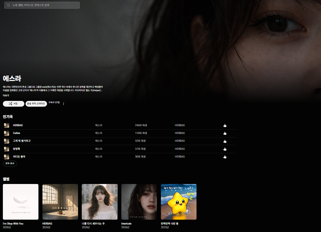 에스라는 대한민국의 혼성 그룹으로그룹명 ezrA(에즈라)는히브리어로 '돕는 자(Helper)'를 의미하는 이 이름은,단순히 음악을 만드는 집단을 넘어 혼란스러운 현대 사회 속에서 방황하는 사람들에게음악이라는 도구로 안식처를 제공하고 올바른 가치를 재건하겠다는 소명을 상징합니다. 멜론 : https://www.melon.com/artist/timeline.htm?artistId=4718199 에즈라음악이 필요한 순간, 멜론www.melon.com FLO : https://www.music-flo.com/detail/artist/413033769/track?sortType=POPULARITY&roleType=ALL 에즈라FLO - 1억 곡을 FLO에서, 플로, 에즈라, CCMm.music-flo.com ..
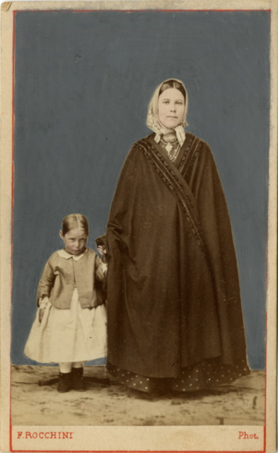 Bambina in piedi in abito bianco e cappello con mazzo di fiori
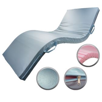 Матрац изготовлен из эластичного пенополиуретана марки А со специальным П-образным профилем, который придает матрацу дополнительную эластичность для функционального использования в комплекте со специальными, 2-3-4-5-ти секционными медицинскими кроватями. Уникальный, П-образный поперечный профиль позволяет ему принимать форму ложа, 1-2-3-4-5-ти секционной кровати. Влагонепроницаемый съемный чехол матраца изготовлен из мембранной, синтетической ткани (ПЭ трикотажная сетка) с влагонепроницаемой термопластичной полиуретановой мембраной, общая плотность ткани 150 г/м² . На чехле по центру торцевой части вшита П- образная молния, защищеная клапаном.
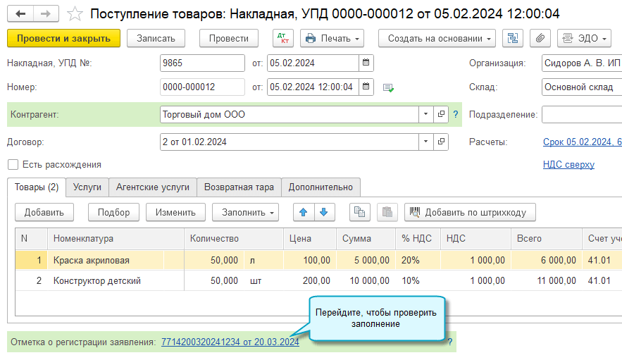 Полный интерфейс: меню "Покупки - Покупки - Поступление (акты, накладные, УПД)".
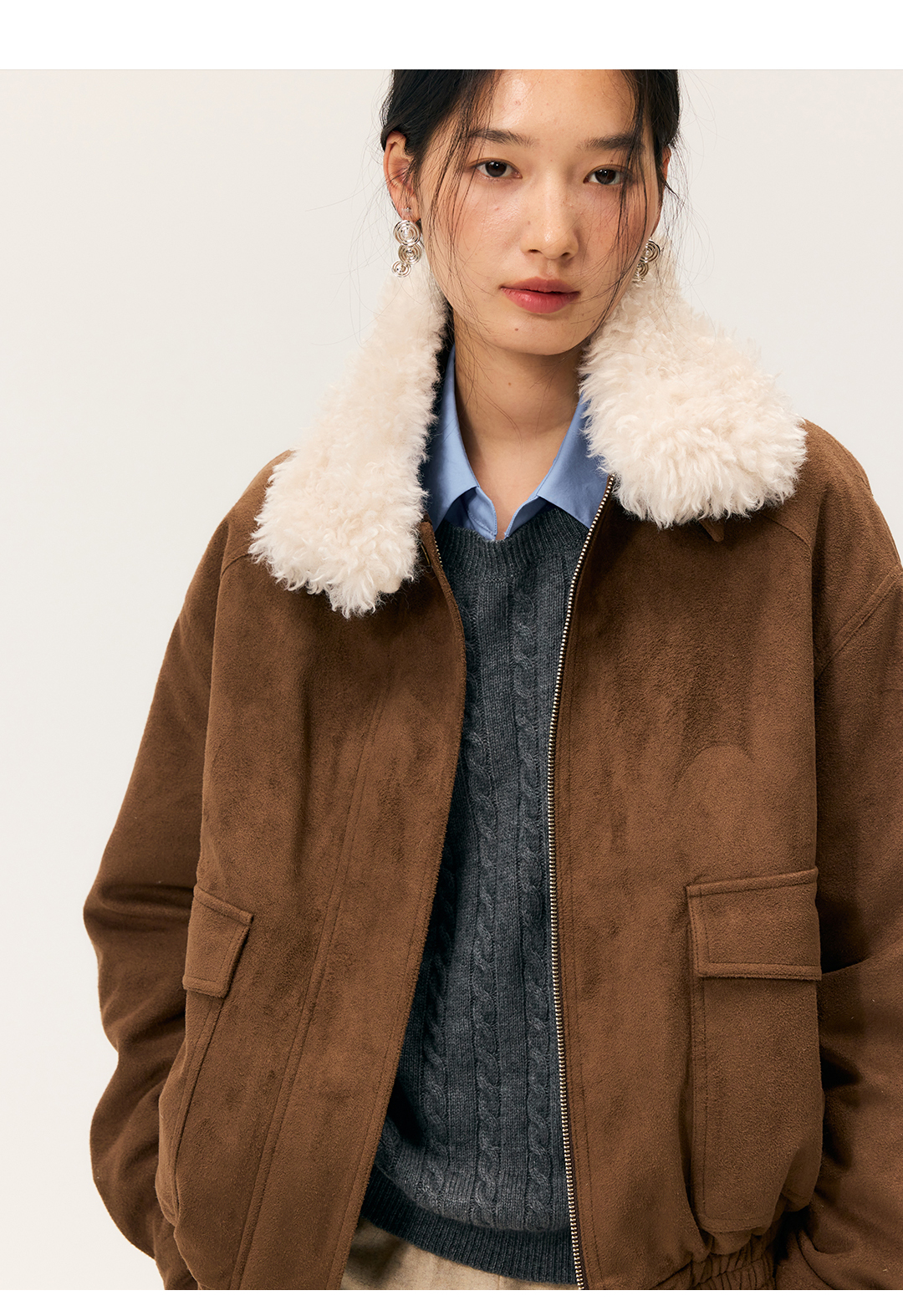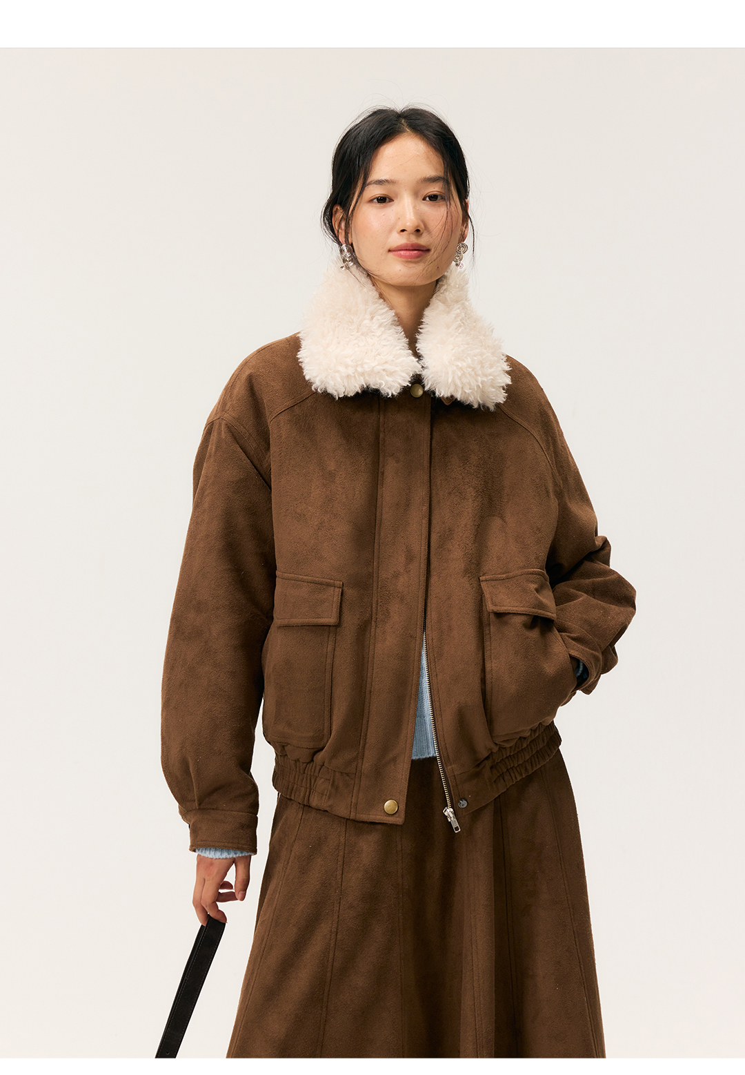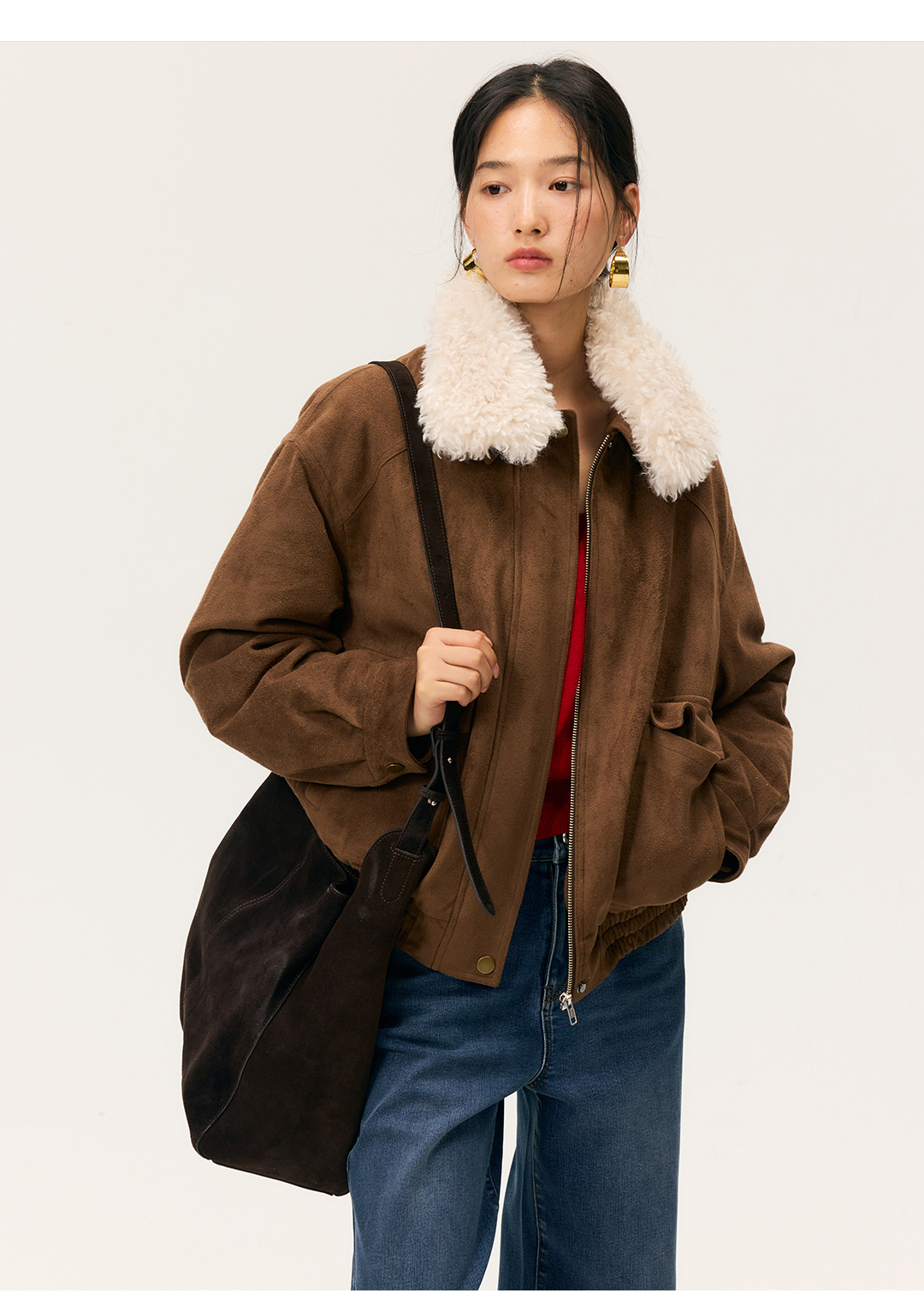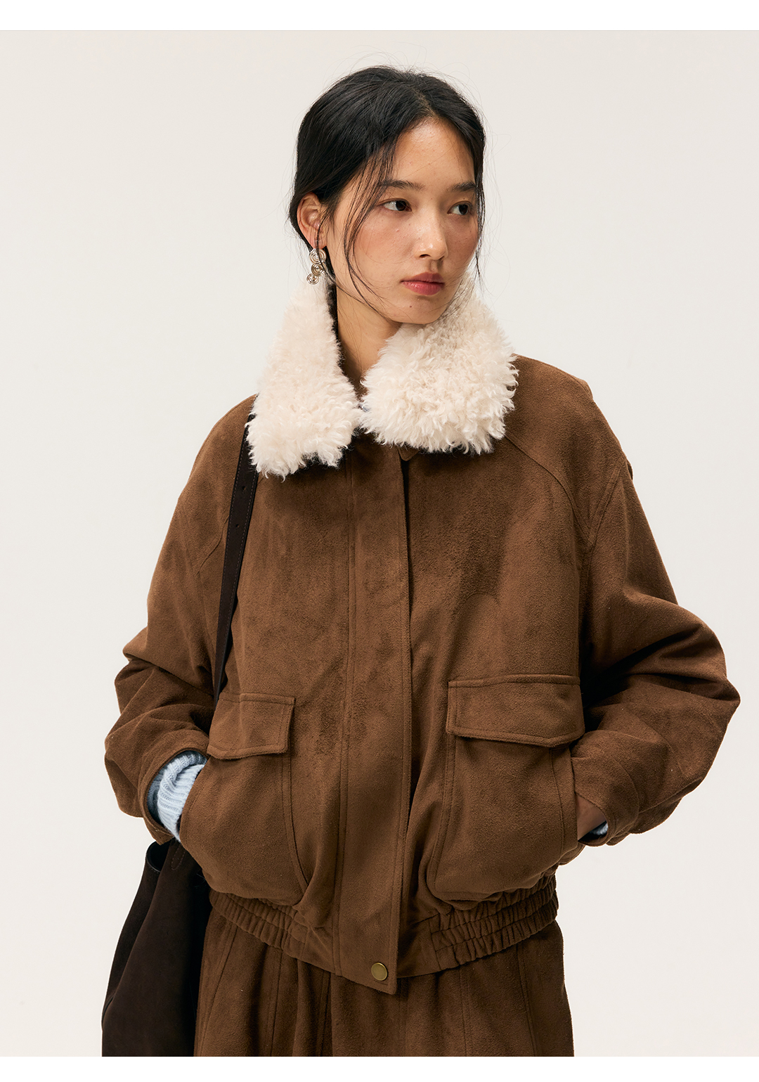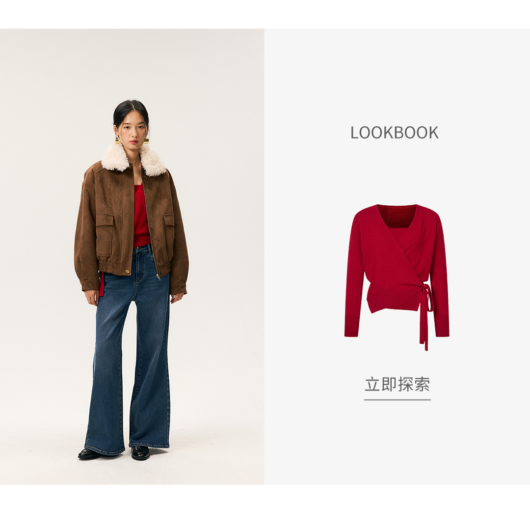 HeyDress毛领仿麂皮绒飞行夹克棉服

▶ [Task details]: Every line above is to be written out unchanged, with the pictures omitted.

▶ [Written reply]:
 에스라는 대한민국의 혼성 그룹으로그룹명 ezrA(에즈라)는히브리어로 '돕는 자(Helper)'를 의미하는 이 이름은,단순히 음악을 만드는 집단을 넘어 혼란스러운 현대 사회 속에서 방황하는 사람들에게음악이라는 도구로 안식처를 제공하고 올바른 가치를 재건하겠다는 소명을 상징합니다. 멜론 : https://www.melon.com/artist/timeline.htm?artistId=4718199 에즈라음악이 필요한 순간, 멜론www.melon.com FLO : https://www.music-flo.com/detail/artist/413033769/track?sortType=POPULARITY&roleType=ALL 에즈라FLO - 1억 곡을 FLO에서, 플로, 에즈라, CCMm.music-flo.com ..
 Bambina in piedi in abito bianco e cappello con mazzo di fiori
 Матрац изготовлен из эластичного пенополиуретана марки А со специальным П-образным профилем, который придает матрацу дополнительную эластичность для функционального использования в комплекте со специальными, 2-3-4-5-ти секционными медицинскими кроватями. Уникальный, П-образный поперечный профиль позволяет ему принимать форму ложа, 1-2-3-4-5-ти секционной кровати. Влагонепроницаемый съемный чехол матраца изготовлен из мембранной, синтетической ткани (ПЭ трикотажная сетка) с влагонепроницаемой термопластичной полиуретановой мембраной, общая плотность ткани 150 г/м² . На чехле по центру торцевой части вшита П- образная молния, защищеная клапаном.
 Полный интерфейс: меню "Покупки - Покупки - Поступление (акты, накладные, УПД)".
 HeyDress毛领仿麂皮绒飞行夹克棉服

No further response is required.